Les circonstances de l’internement de Maupassant amenèrent journalistes et médecins à assimiler l’œuvre à la vie de l’auteur. Selon un aliéniste interrogé en 1892, « on n’a qu’à lire Le Horla, ce conte fantastique d’une évocation si intense, pour découvrir le germe de la folie chez l’auteur ». Divers savants ont cru que ce qui n’était que pure fiction littéraire représentait un outil fiable permettant l’analyse d’un cas pathologique réel. Ils forgèrent ainsi une légende de plus autour de l’auteur et de son œuvre. Car c'est au contraire un écrivain en pleine possession de ses moyens qui invente un récit fantastique majeur de l’histoire de la littérature française.

La rose s’envole
Le Horla, conte fantastique de Maupassant (1887), donne à lire la confession du narrateur, dont la vie est troublée par des micro-événements inattendus et inexplicables, comme cette rose qui se coupe toute seule et s’envole.
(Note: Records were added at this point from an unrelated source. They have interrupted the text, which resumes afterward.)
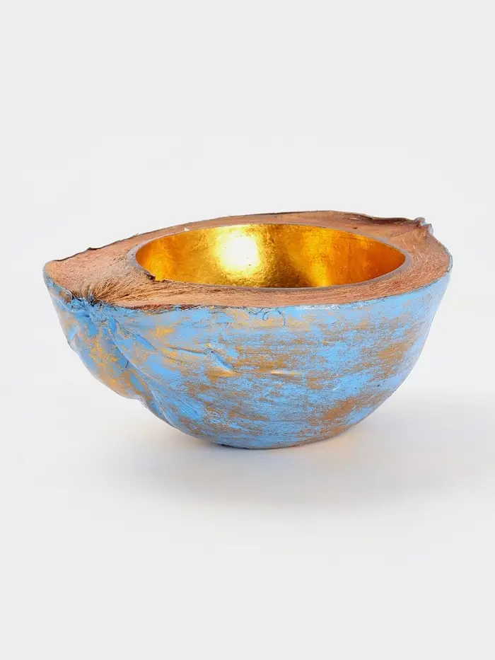 Чаша из кокоса, 22.5×25×10 см, сине-золотая
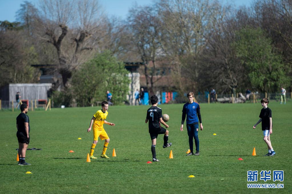 3月29日,人們?cè)谟?guó)倫敦?cái)z政公園踢足球。
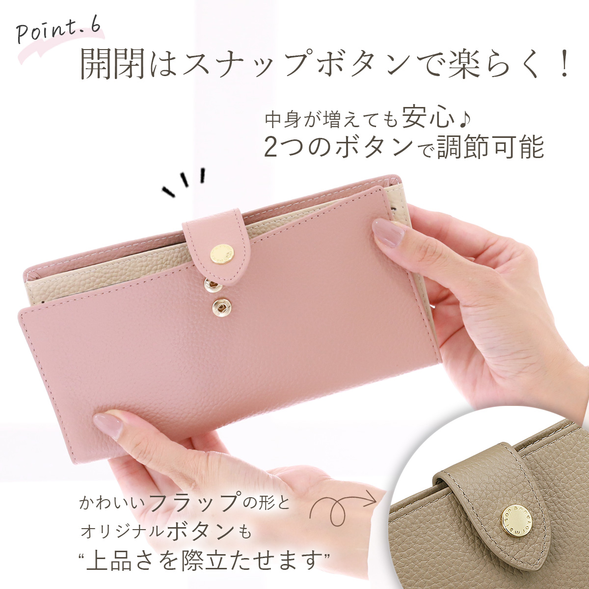 今流行の小さなハンドバッグやミニトートバッグ等にもかさばらずすっぽり納まり、シルエットが崩れにくい!また、中身の落下を防ぐおしゃれなフラップボタンを採用いたしました。
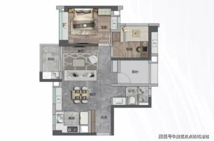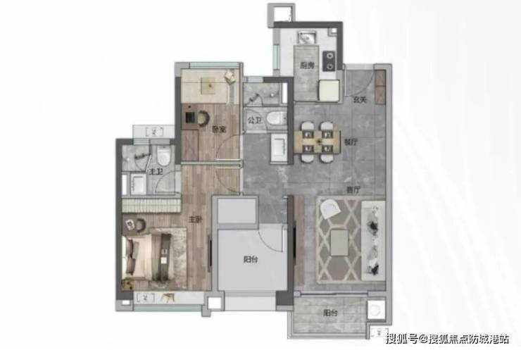 85㎡2+1房:采用横厅设计,客厅配备阳台,餐厅设有飘窗,极大提升了采光效果。赠送面积的阳台可以灵活转换为单人次卧,增加了空间的实用性。
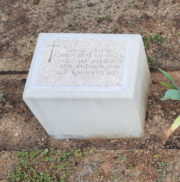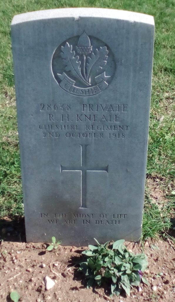 2/10/1918 Private Robert Henry Kneale 12th Bn. Kirechkoi-Hortakoi Military Cemetery, Greece. ‘28638’ Husband of Catherine Kneale, of 18, Head Rd., Douglas, Isle of Man. (pic from findagrave.com. – with thanks)

« 6 août. — Cette fois, je ne suis pas fou. J’ai vu… j’ai vu… j’ai vu !… Je ne puis plus douter… j’ai vu !… J’ai encore froid jusque dans les ongles… j’ai encore peur jusque dans les moelles… j’ai vu !…
Je me promenais à deux heures, en plein soleil, dans mon parterre de rosiers… dans l’allée des rosiers d’automne qui commencent à fleurir.
Comme je m’arrêtais à regarder un géant des batailles, qui portait trois fleurs magnifiques, je vis, je vis distinctement, tout près de moi, la tige d’une de ces roses se plier, comme si une main invisible l’eût tordue, puis se casser, comme si cette main l’eût cueillie ! Puis la fleur s’éleva, suivant la courbe qu’aurait décrite un bras en la portant vers une bouche, et elle resta suspendue dans l’air transparent, toute seule, immobile, effrayante tache rouge à trois pas de mes yeux.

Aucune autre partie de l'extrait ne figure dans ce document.